During Jeff Monken's four years as Georgia Southern's head coach, the Eagles didn't shy away from contact in practice.
First-year coach Willie Fritz has a different approach — focus on drilling fundamentals and don't tackle to the ground. The majority of football injuries, he says, happen on contact with the ground, not with another player.
That won't be the case today at 9 a.m., when the Eagles take to Paulson Stadium for the first of two preseason scrimmages.
That doesn't mean the coaching staff won't be watching for fundamentals, either.
"In the most stressful part of a ballgame, you rely on your technique and your fundamentals," Fritz said. "It's like I always tell the defensive guys, you can run whatever defense you want. If you play hard, if you play with leverage and you tackle, it's irrelevant what scheme you run. We need to get that into the guys' heads. Some guys will resort back to playing sloppy, and those are guys who get their playing time cut back."
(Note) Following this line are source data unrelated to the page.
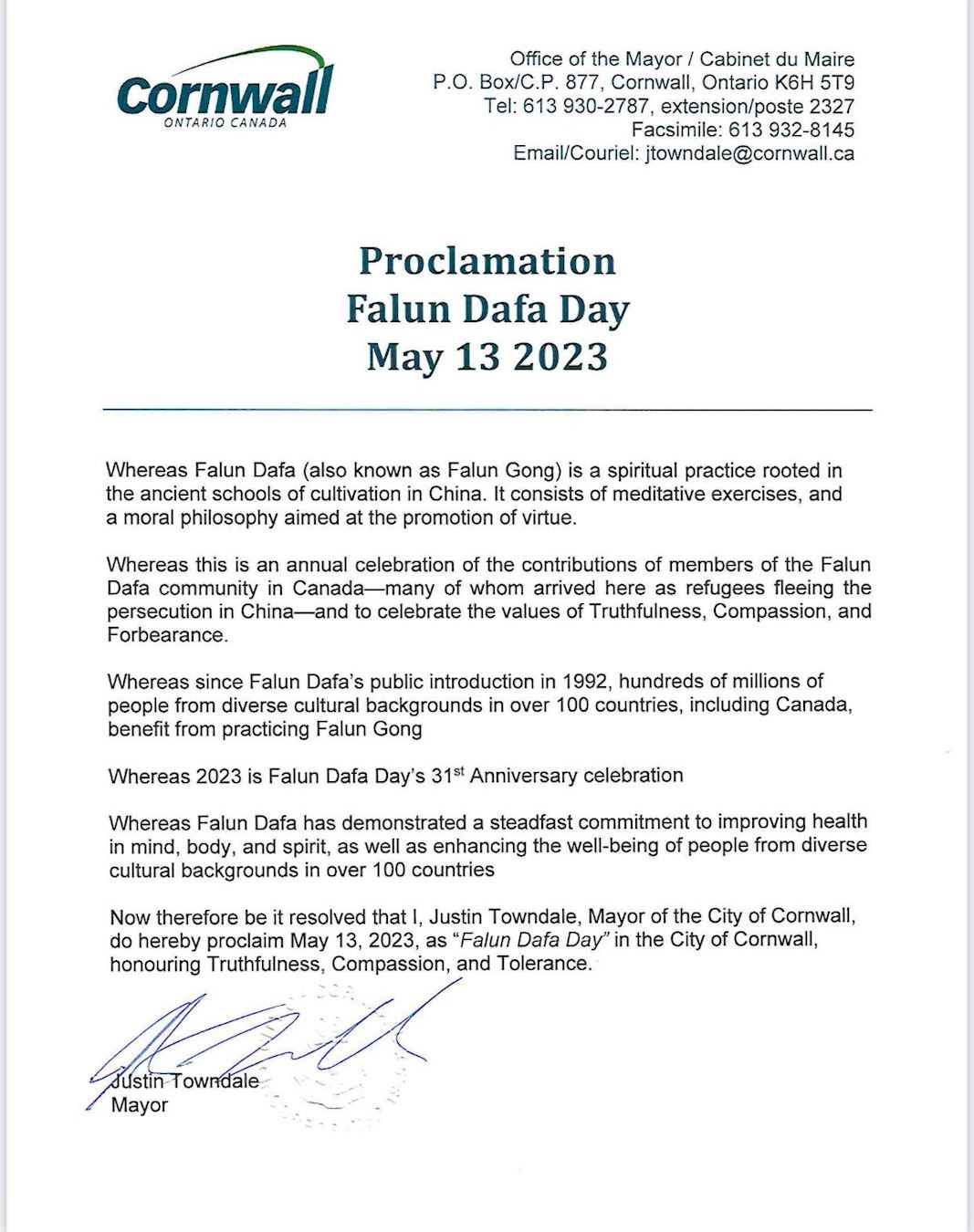 “现在,我,康沃尔市市长贾斯汀·汤戴尔,特此宣布二零二三年五月十三日为‘法轮大法日’,以表示对真、善、忍理念的敬意,我们全心全意地欢迎这一理念加入我们的小区。 ”
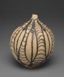Round pot to hold one flower, inspired by the form of a seed pod. Incised with linear vegetal motifs, infilled with oxides.
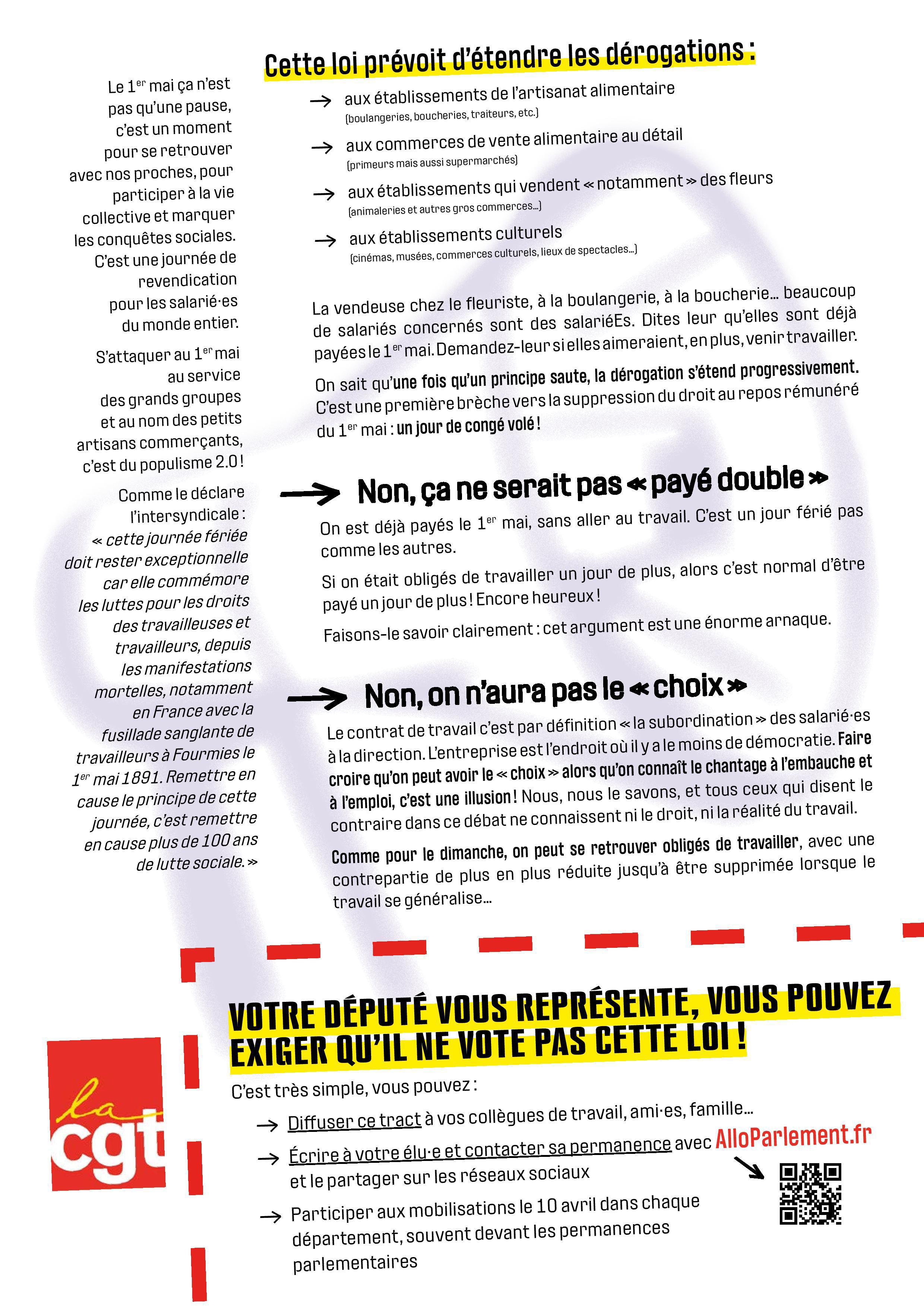 Une proposition de loi veut permettre le travail le 1er mai, au profit des grands groupes. La FNME‑CGT dénonce une attaque contre ce jour férié unique, garanti et payé. Elle appelle à interpeller les député·es et à se mobiliser avant le 10 avril.
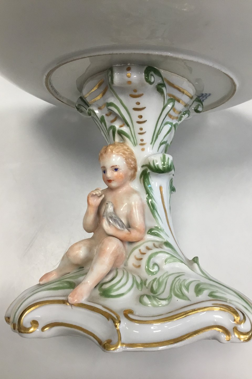 Royal Copenhagen Flora Danica Pedistal Bowl with flowerdecoration and Putti with dove. Measures 15.5 cm / 6 7/64 in. high and 20.5cm / 8 5/64 in. dia
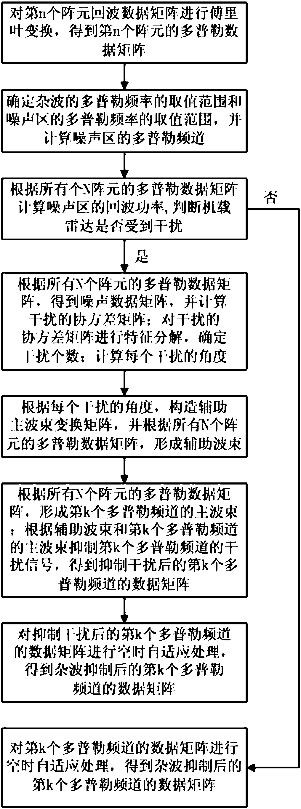 - 项目简介 本发明公开了一种杂波背景下对机载雷达的有源压制式干扰抑制方法,包括以下步骤:(1)对第n个阵元回波数据矩阵进行傅里叶变换;(2)确定杂波的、噪声区的多普勒频率的取值范围,计算噪声区的多普勒频道和回波功率;(3)若相控阵雷达受到干扰,计算干扰的协方差矩阵,对其进行特征分解,确定干扰个数,并计算每个干扰的角度;形成辅助波束和第k个多普勒频道的主波束,抑制第k个多普勒频道的干扰信号,得到抑制干扰后的第k个多普勒频道的数据矩阵,再对其进行空时自适应处理,得到杂波抑制后的第k个多普勒频道的数据矩阵;若相控阵雷达没有受到干扰,对第k个多普勒频道的数据矩阵进行空时自适应处理,得到杂波抑制后的第k个多普勒频道的数据矩阵。

Observing fundamentals in a game-like environment isn't the only plus side to a full-contact, full-speed scrimmage.
"Now you get an opportunity to see if a guy really did make the play or not," Fritz said. "At practice, it's 'maybe he really didn't make that run,' or 'maybe he didn't make that tackle.'"
While the blocking and tackling will be full contact, the quarterbacks will not take contact. Each group, beginning with the starters, will run five plays starting in different scenarios.
The scrimmage will begin with special-teams workouts.
Senior linebacker Edwin Jackson, a preseason second-team, All-Sun Belt selection, is just excited to play in the newly-renovated Paulson Stadium.
"Just hearing that echo," he said, "just being in that environment makes a big difference."